JP2005027577A - Sponge for dewatering laver, and method and apparatus for dewatering laver utilizing the same - Google Patents

Abstract

<P>PROBLEM TO BE SOLVED: To efficiently carrying out a press dewatering of raw laver using sponges of increased mechanical strength while preventing the raw laver from getting out of shape and the sponge from staining. <P>SOLUTION: A laver-dewatering apparatus 10 is provided, comprising two dewatering sections 20 and 40. The upper and lower press parts 20A and 20B of the dewatering section 20 are vertically provided with dewatering sponges 24A and 24B so as to sandwich a laver drainboard 16 and raw laver 18 in between. These sponges 24A and 24B are detachably mounted on upper and lower fixing tables 22A and 22B so that water-permeable sheets 28A and 28B serve as press surfaces for the laver drainboard 16 and the raw laver 18. This apparatus 10 works as follows: On subjecting the press parts 20A and 20B to vertical motion, by a driving means not illustrated, the water-permeable sheets 28A and 28B press the raw laver 18 to extrude water therefrom, the water is then absorbed by upper and lower sponge layers 26A and 26B, thus accomplishing dewatering the raw laver 18. <P>COPYRIGHT: (C)2005,JPO&NCIPI

Description

  The present invention relates to a nori sponge for use in the production of sheet-like dry nori, and a nori dehydration method and apparatus using the sponge.

  The sheet-shaped dry seaweed is obtained by scraping raw seaweed into a sheet form on the surface of the seaweed rice cake, dehydrating and drying it, and peeling off the dry seaweed stuck on the seaweed rice cake. These series of operations are automatically performed by holding the laver on the conveying path such as a conveyor. Among these, the dehydration process of raw laver is performed at a low temperature and in a short time for the subsequent drying process. Very important for producing quality nori. Such dehydration of raw seaweed is conventionally performed by a press method. The press-type dewatering unit presses a sponge for dehydration from above and below on the raw nori on the laver that has been transported along the transport path, and absorbs and dehydrates moisture contained in the raw nori.
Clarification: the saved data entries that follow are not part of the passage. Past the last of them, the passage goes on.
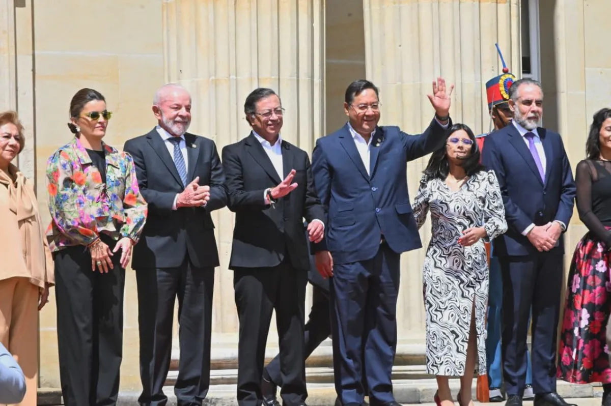 El presidente Luis Arce, junto a los mandatarios de Brasil, Luiz Inacio Lula Da Silva, de Colombia Gustavo Petro y otros. Foto: Red X Luis Arce.
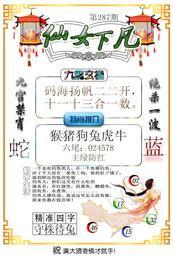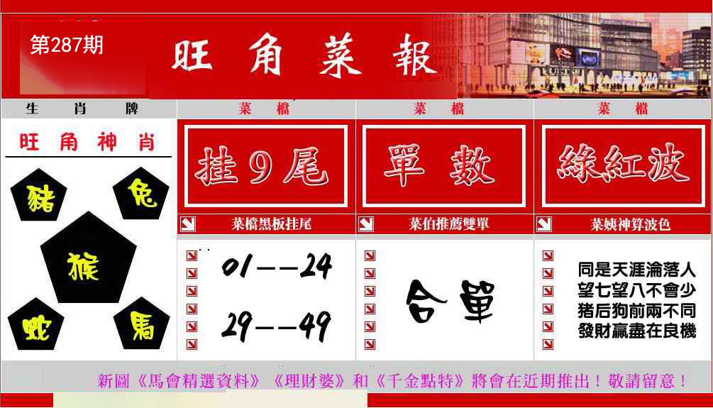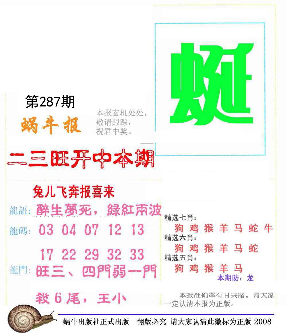 287期〖⑦肖〗猪龙羊虎马兔猴 |
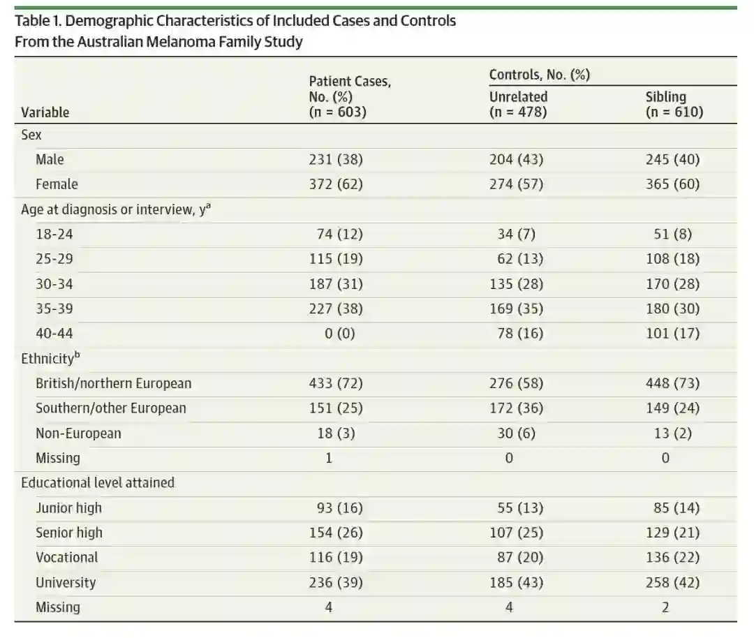 研究分析时纳入603例患者和1088例对照者,入组人群年龄<45岁,均有详细的防晒霜使用史。对照组由478例非相关对照(选民对照和配偶、朋友对照)作为主要分析,610例姊妹对照作为次要分析。入组人群的基线特征总结见下表1,患者的中位年龄为32岁,非相关对照和姊妹对照的中位年龄分别为35和34岁。每组人群中,女性比例高于男性。
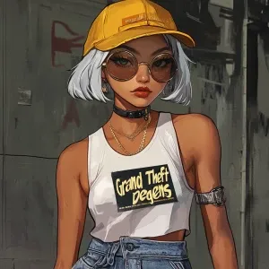 «young, rebellious gta-style character. The character should have...»
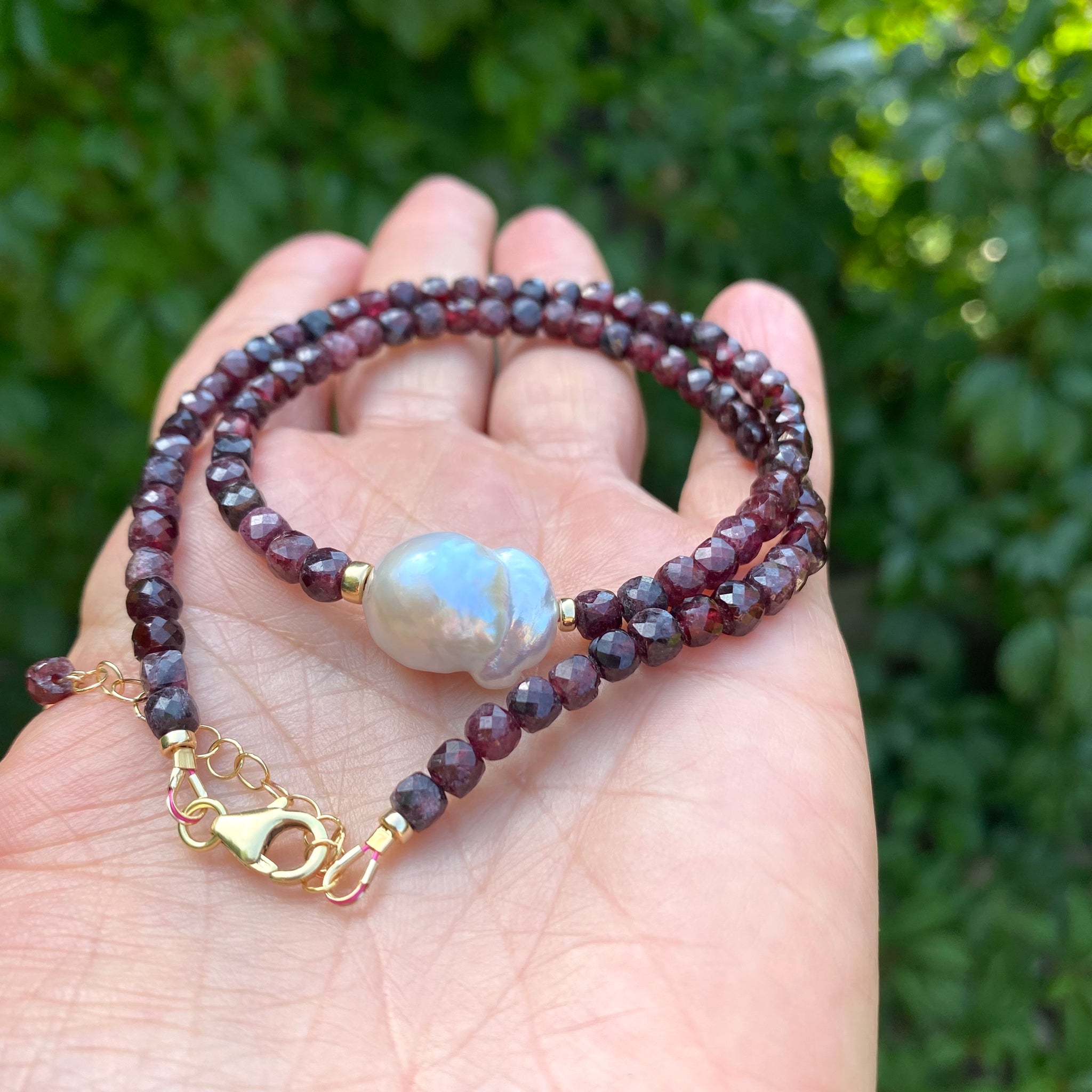 This garnet pearl necklace is finished with gold-filled details and a secure lobster claw closure, along with an adjustable extender for a comfortable, customizable fit. Its delicate scale makes it ideal for everyday wear, layering with other necklaces, or adding a subtle pop of color to special occasions.
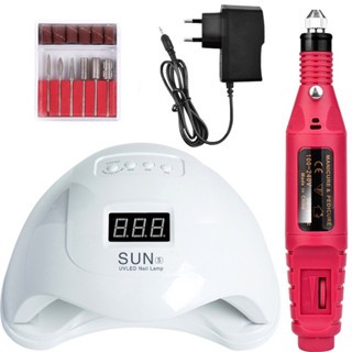 Kit Unhas Manicure Alongamento Cabine Led UV Gel Estufa Sun 5 Motor Lixadeira Caneta Lixadeira Iniciante

However, the background art as described above has the following inconvenience because the surface and the inside of the sponge have a uniform open cell structure.
(1) Since the pressing surface of the dehydrating sponge in contact with the raw nori is easily compressed and deformed during pressing, the force for extruding moisture from the raw nori is weak and the dehydrating ability is not always sufficient. For this reason, considerable time and thermal power are required for the next drying process.
(2) The dehydrating sponge is compressed during pressing, and in particular, the lower part (the pressed surface of fresh seaweed) is deformed so as to spread laterally. For this reason, the raw laver is pulled on the laver cocoon so as to spread laterally, and the shape tends to be deformed particularly in the vicinity of the outer edge thereof. In addition, the durability of the sponge itself is poor due to insufficient strength.
(3) The sponge has seaweed scraps and is easily soiled, which is undesirable in terms of hygiene management. For this reason, the cleaning operation of the sponge must be performed frequently.

  This invention pays attention to the above points, and provides a laver dehydrating sponge excellent in durability and hygiene, and a laver dehydrating method and apparatus using the sponge, which efficiently perform press dehydration of raw laver. That is the purpose.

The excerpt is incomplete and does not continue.